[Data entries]
● ● ● ● ●

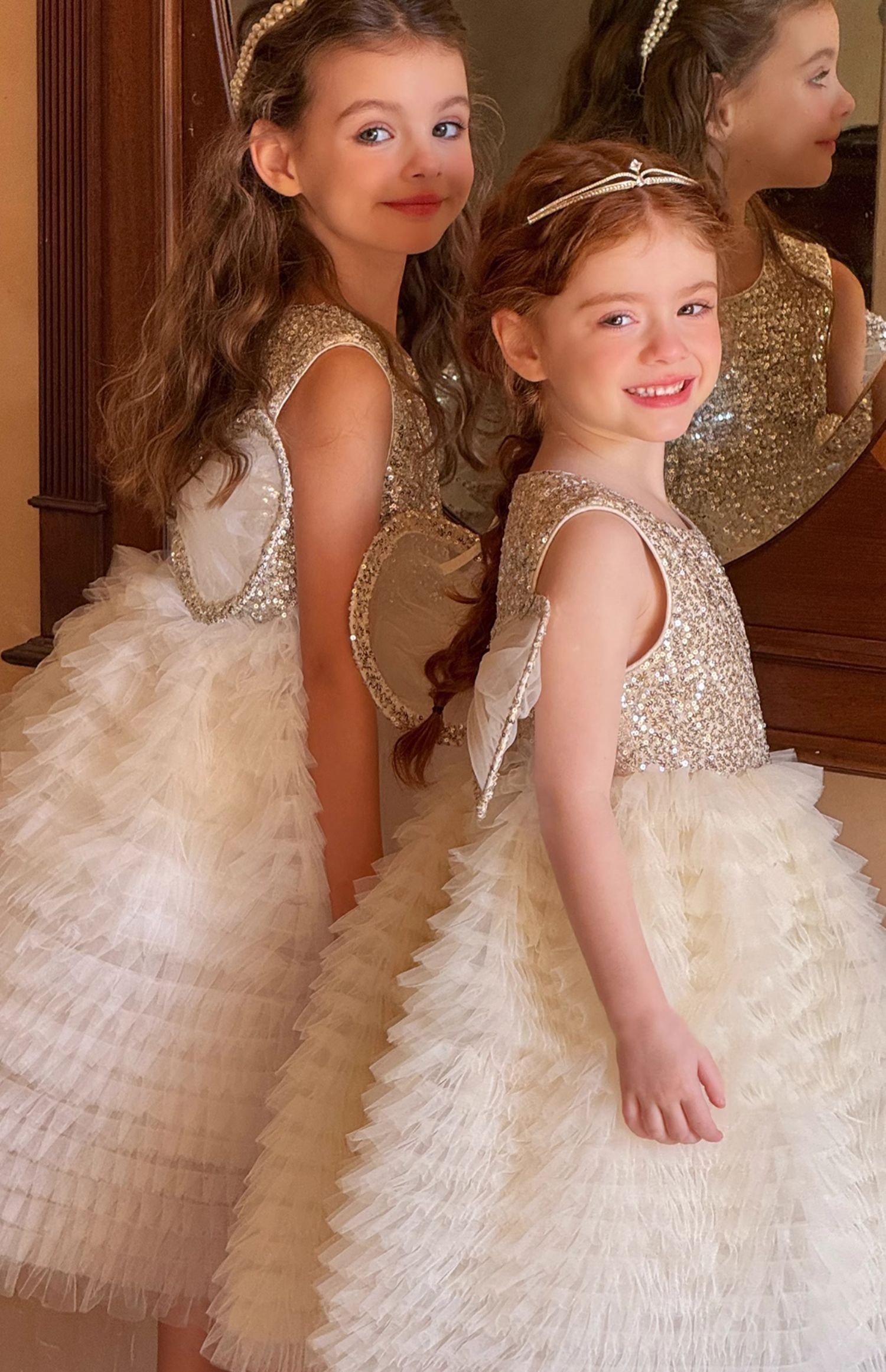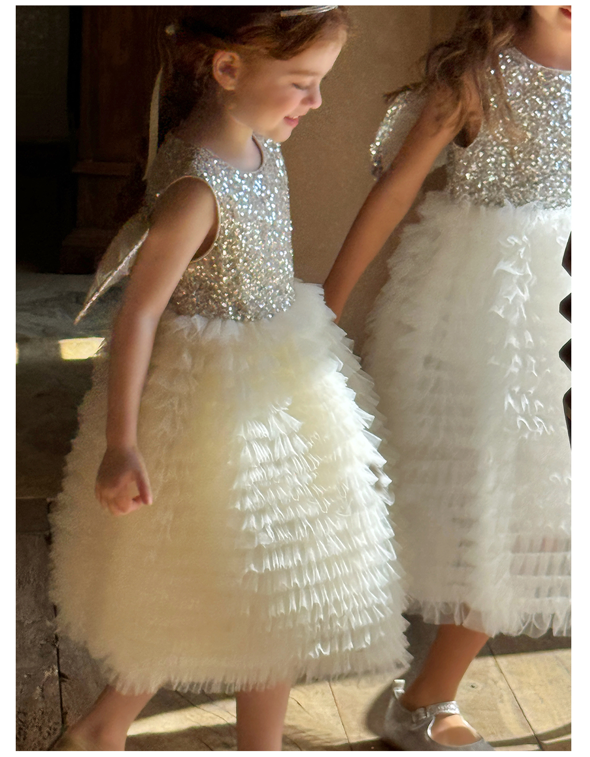 Littletime女童连衣裙2025春夏公主裙礼服儿童甜美网纱亮片蛋糕裙
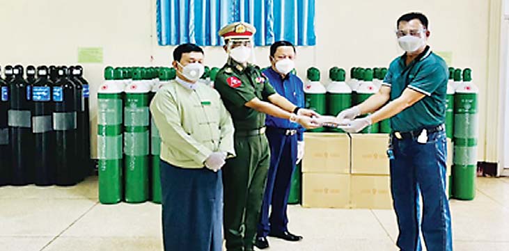 လက်ရှိအချိန်တွင် COVID-19 ရောဂါ တတိယလှိုင်းဖြစ်ပွားမှု မြင့်တက်လျက်ရှိပြီး ဓာတ်ခွဲ အတည်ပြုပိုးတွေ့လူနာများကို ကုသရေးလုပ်ငန်းများနှင့် ကန့်သတ် စောင့်ကြည့်ရမည့် လူနာများကို ကျန်းမာရေးစောင့်ရှောက်မှု လုပ်ငန်းများဆောင်ရွက် ပေးရာတွင် လိုအပ်သည့် ကာကွယ်၊ ထိန်းချုပ်၊ ကုသရေးပစ္စည်းများ၊ အောက်ဆီဂျင်အိုးများနှင့် အာဟာရဖြည့် စားသောက်ဖွယ်ရာများကို စေတနာ ရှင်အလှူရှင်များက တပ်မတော်ဆေးရုံများ၊ ပြည်သူ့ဆေးရုံများ၊ ကျန်းမာရေးဌာနများနှင့် COVID Center များသို့ လာရောက်လှူဒါန်းလျက်ရှိသည်။
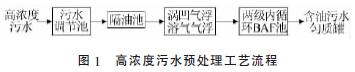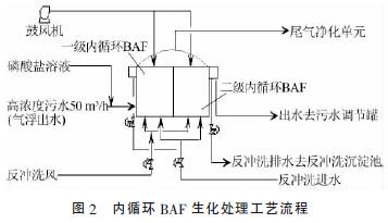 由于高浓度污水的污染物浓度高、水质波动大,常规生物处理方式无法承受。采用强化生化处理技术——内循环 BAF 技术进行高浓度污水的生化处理,通过利用内循环BAF 技术的大流量内循环流的水力学特征,首先对进入装置的高浓度原水进行大比例的稀释,从而使整个反应器的生化环境得以稳定,再利用内循环BAF 技术的传质速度快、微生物种类多、活性高的特性,将高浓度污水中的污染物快速降解,从而达到预处理的目的。高浓度污水内循环BAF 生化处理单元流程如图2 所示。
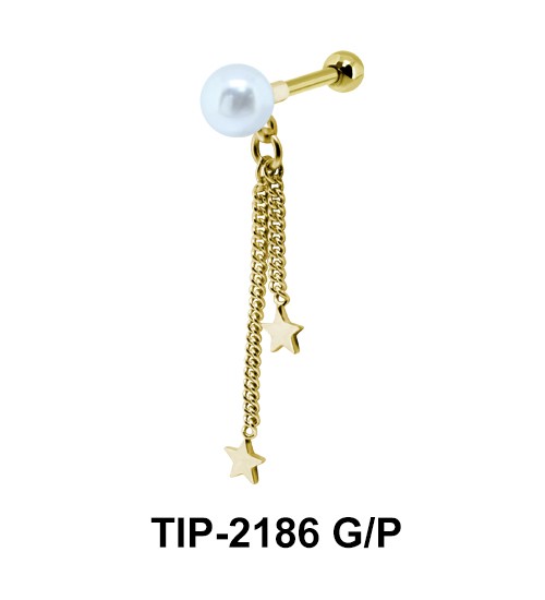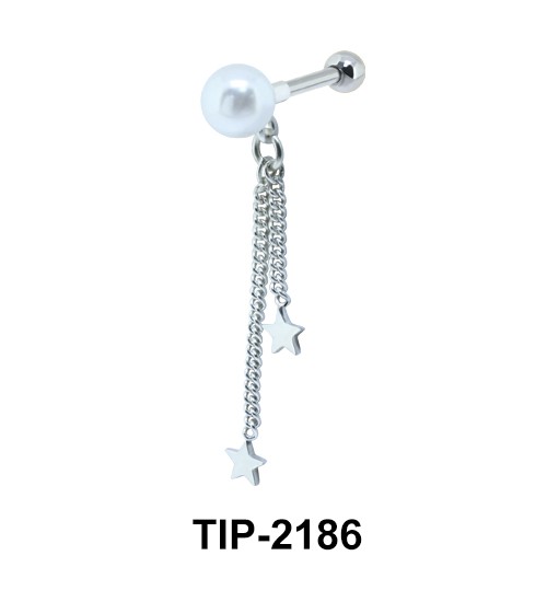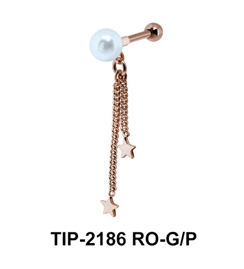 starry chain helix ear piercing hanging from the pearl looks modern.
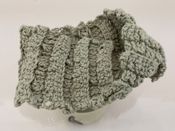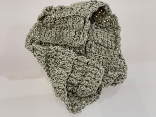 Lena: I actually picked up crochet during lockdown, because my other creative outlets were dependent on space outside of my house as I didn’t have any space in my home to set up a studio or a garden, which lots of people kind of discovered they could do that and run with it. It became very clear that I could not, so I was trying to find a way to continue expressing myself and came across a book of how to crochet from my grandmother and it’s from the 70s so they designs are kind off amazing with photographs. I bought some natural fibre wool from Aldi and just started to crochet. I was a few months into crocheting before I realised I was doing advanced stitch but what I realised earlier on with crochet was it felt like a language, like a form of communication. To me just the way that you put things together…I felt like I was having a conversation with my grandmother and all of the people. It took me to a place where I felt connected to a very old conversation. A foundation of creativity and community is in my mind. So being able to get together in this non-verbal way has interested me about being an artist and creative person.

● ● ● ● ●

◆ **Exercise requirements**: Without including a single picture, restate all of the data word for word.

◆ **Result of the exercise**:
 Littletime女童连衣裙2025春夏公主裙礼服儿童甜美网纱亮片蛋糕裙
 လက်ရှိအချိန်တွင် COVID-19 ရောဂါ တတိယလှိုင်းဖြစ်ပွားမှု မြင့်တက်လျက်ရှိပြီး ဓာတ်ခွဲ အတည်ပြုပိုးတွေ့လူနာများကို ကုသရေးလုပ်ငန်းများနှင့် ကန့်သတ် စောင့်ကြည့်ရမည့် လူနာများကို ကျန်းမာရေးစောင့်ရှောက်မှု လုပ်ငန်းများဆောင်ရွက် ပေးရာတွင် လိုအပ်သည့် ကာကွယ်၊ ထိန်းချုပ်၊ ကုသရေးပစ္စည်းများ၊ အောက်ဆီဂျင်အိုးများနှင့် အာဟာရဖြည့် စားသောက်ဖွယ်ရာများကို စေတနာ ရှင်အလှူရှင်များက တပ်မတော်ဆေးရုံများ၊ ပြည်သူ့ဆေးရုံများ၊ ကျန်းမာရေးဌာနများနှင့် COVID Center များသို့ လာရောက်လှူဒါန်းလျက်ရှိသည်။
 由于高浓度污水的污染物浓度高、水质波动大,常规生物处理方式无法承受。采用强化生化处理技术——内循环 BAF 技术进行高浓度污水的生化处理,通过利用内循环BAF 技术的大流量内循环流的水力学特征,首先对进入装置的高浓度原水进行大比例的稀释,从而使整个反应器的生化环境得以稳定,再利用内循环BAF 技术的传质速度快、微生物种类多、活性高的特性,将高浓度污水中的污染物快速降解,从而达到预处理的目的。高浓度污水内循环BAF 生化处理单元流程如图2 所示。
 starry chain helix ear piercing hanging from the pearl looks modern.
 Lena: I actually picked up crochet during lockdown, because my other creative outlets were dependent on space outside of my house as I didn’t have any space in my home to set up a studio or a garden, which lots of people kind of discovered they could do that and run with it. It became very clear that I could not, so I was trying to find a way to continue expressing myself and came across a book of how to crochet from my grandmother and it’s from the 70s so they designs are kind off amazing with photographs. I bought some natural fibre wool from Aldi and just started to crochet. I was a few months into crocheting before I realised I was doing advanced stitch but what I realised earlier on with crochet was it felt like a language, like a form of communication. To me just the way that you put things together…I felt like I was having a conversation with my grandmother and all of the people. It took me to a place where I felt connected to a very old conversation. A foundation of creativity and community is in my mind. So being able to get together in this non-verbal way has interested me about being an artist and creative person.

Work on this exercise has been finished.